Gott ist nicht nützlich. Gott bietet keine einfache Antwort auf schwierige Fragen, die Menschen umtreiben, bis heute nicht. Es ist einfach, sich von Gott zu verabschieden, weil er mir nicht nützt. Den Fragen nach dem Bösen und dem Leid auszuweichen, scheint mir nicht ganz so leicht zu sein. Und es ist schon gar nicht leicht, meinen Gott, von dem ich mich getragen weiß, da herauszuhalten. Geradezu ratlos lässt mich die Antwort Gottes an Hiob zurück. Sinngemäß sagt Gott zu Hiob: Der kleine Mensch Hiob könne eben nicht erfassen, wozu der große Gott fähig sei. Der Mensch habe zu akzeptieren, Gott nicht durchschauen zu können. Auch als Problemlöser bietet sich Gott im Buch Hiob nicht an. Und selbst wenn ich ins Neue Testament schaue: Bei aller froh machenden Botschaft im Leben Jesu ist der Blick auf sein Ende am Kreuz, das als Willen des Vaters dargestellt wird, wahrlich keine einfache Lösung für ein wirkliches Verstehen des Willens Gottes. Auch Ostern ist nicht einfach ein Happy End des Karfreitags.

Es ist Zeit, von Gott zu sprechen. Und zwar in der Vielfalt der Glaubenserfahrungen, denn natürlich bleiben die Erfahrung der Liebe, des Verstehens, der Freundschaft und Nähe. Aber es gibt auch die Erfahrung, aushalten zu müssen, nicht zu verstehen, und dennoch in Treue im Glauben an ihm festzuhalten und im Letzten zu hoffen: Er meint es gut mit mir und der Welt. Manchem bleibt als Gebet nur die Klage gegen Gott, eine oft vergessene Gebetshaltung der Psalmen. Auch wenn Menschen nicht an Gott glauben, sei es, weil sie es nicht können oder es nicht wollen oder er gar keine Frage mehr für sie ist: Gott ist da. Gottes Existenz ist vom Glauben der Menschen nicht abhängig.

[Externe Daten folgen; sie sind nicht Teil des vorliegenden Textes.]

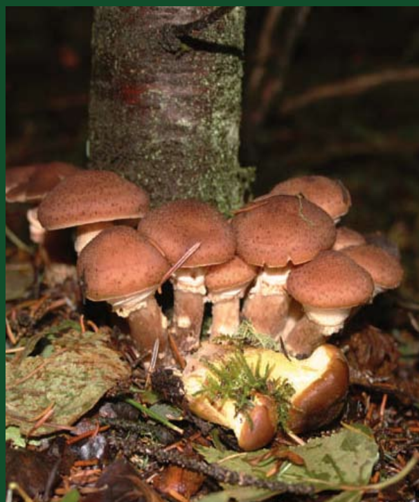
Honey Mushroom - Armillaria ostoyae
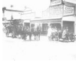
72 and 74 Hesse Street c.1905.

Für die Glaubenden gilt die Erfahrung des Hiob: Bei allen unterschiedlichen Glaubenszugängen zu Gott, er dient nicht als mein oder unser Instrument für menschliche Pläne. Wir dürfen es uns mit Gott nicht zu einfach machen. Vielleicht ist für Christen die beste Antwort auf die Frage nach dem Leid und der Rolle Gottes, dass wir uns in die Pflicht nehmen lassen, Leid, Hass, Krieg und vieles andere nach unseren Möglichkeiten aktiv zu verändern. Vielleicht hätten auch die Freunde Hiobs weniger über Gott diskutieren als aktiv helfen sollen. So muss unser Platz als Kirche immer an der Seite der Leidenden sein. Und das bleibt die Aufgabe jedes und jeder Einzelnen.

Es ist Zeit, von Gott zu sprechen. Vielleicht kann man es auch so wenden: Es ist Zeit, „Gott zu handeln“.

Ich wünsche Ihnen eine gesegnete Fastenzeit.
 

Es segne uns
der allmächtige und dreieinige Gott,
der Vater und der Sohn und der Heilige Geist

+ Peter Kohlgraf
Bischof von Mainz
Mainz, am 1. Fastensonntag 2024

Anmerkung

[1] Alfred Delp, Meditationen „Gestalten der Weihnacht“. Roman Bleistein, Alfred Delp – Gesammelte Schriften. Bd. 4: Aus dem Gefängnis. Frankfurt am Main 1984, S. 200.